Through arrant cowardice he failed to protect the ranch of Misión Santa Teresa against the Apache, causing the Blessed Fray Domingo, may God smile upon his martyrdom, to lose his life most horribly. Later, acting without reason or military competence, he allowed the very Apache who killed Fray Domingo, may God smile upon his martyrdom …
He became so indignant as he composed this report, he ended by convincing himself that Alvaro was a cowardly incompetent: ‘Handcuff the recreant and throw him in jail, being sure that his legs are tightly chained.’
To demonstrate his own heroism, he organized a hastily put-together expedition to subdue the Apache—about fifty Spaniards and their poorly armed helpers against ten thousand scattered Apache—and his troops would have been annihilated had not Simón Garza and two Yuta scouts detected a concentration of warriors hiding in a mountain pass and prevailed upon the governor to beat a disorganized retreat. As it was, the Apache overtook three stragglers and tortured them viciously.
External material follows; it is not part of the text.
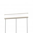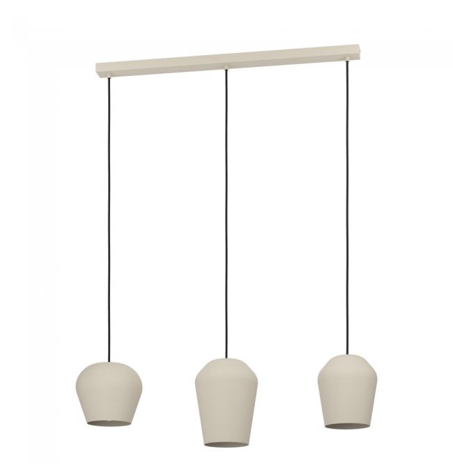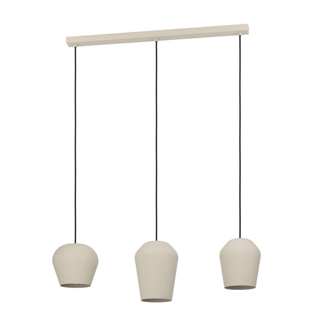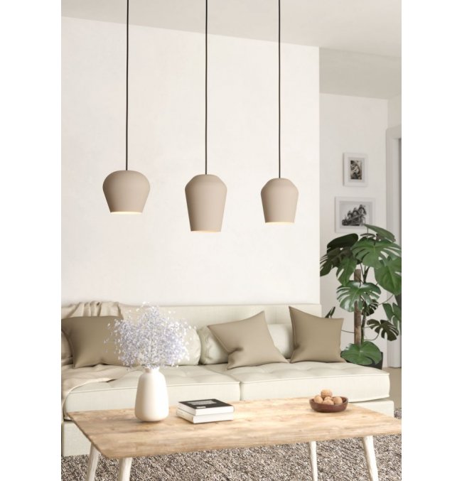 Lampa wisząca CAMBAITO jest wykonana z długiego, metalowego baldachimu w kolorze piasku, z którego trzy metalowe klosze tego samego koloru zwisają z czarnymi kablami tekstylnymi. Dzięki różnym kształtom trzy parasole zapewniają atrakcyjny, a jednocześnie harmonijny wygląd. Lampa wisząca o monochromatycznym designie płynnie komponuje się z nowoczesnymi stylami wyposażenia i oferuje stylowe oświetlenie w salonie lub jadalni, na przykład nad wydłużonym stołem jadalnym. Żarówki nie wchodzą w zakres dostawy. Lampa nadaje się do każdej lampy z trzonkiem E27.

In this sad year of 1736, Tejas saw Spanish occupancy at its worst. Travel between Béxar and the distant capital at Los Adaes was interdicted by the Apache; food was scarce because the irrigation ditches, without Damián’s supervision, were not functioning properly; and all else was in disarray because so many of the able administrators languished in jail with chains about their legs.
It was in this ugly setting that Fray Damián proved what a quintessential Spaniard he was; the first responsibility of any man, even before his duty to God, was to protect his own family. Lands for his son, a husband for his daughter, a job for his nephew, an appointment for his brother-in-law—these were the obligations of a Spanish man.
He was so outraged by the arrest of his brother, and so distraught by what might happen to Benita and her three sons, who were, after all, like his own, that he devised a procedure that would have delighted Machiavelli, for he used stamped paper stolen from the presidio on which to press it:
Respected Archbishop Vizarrón. Congratulations on your great success as Viceroy of all Mexico. The King could have chosen no one better fitted for that exalted position, and I stand ready as a humble friar to assist you in all you do.
My brother, Captain Alvaro de Saldaña of the Saldañas of Saldaña, has served bravely on the frontier, and I believe there is a law which states that an officer who has seen active duty in any new territory is entitled to six leagues of Crown lands upon retirement. On behalf of my brother, now occupied with other matters, I beg you to make this award.
There is, a few miles west of here in a bend of the Medina, a stretch of land called Rancho El Codo, once occupied by the ranch of this mission. It has now been abandoned because of Apache raids and is of no practical use to anyone until the Apache are subdued. My brother and his wife, in years to come, can tame this land if you will cede it to them now in reward for the hard work they have completed on the frontier of your dominion.
In composing this seditious letter, Damián was aware of three crimes he was committing: The ranch belongs to the church, and I’m stealing it for my family. I’m drafting letters when Governor Franquis has forbidden anyone to do so. And I’m trying to slip my letters past the officials at San Juan Bautista, who have orders to prevent the entry into Mexico proper of clandestine letters. But then he thought of Benita and her children: I must take the chances.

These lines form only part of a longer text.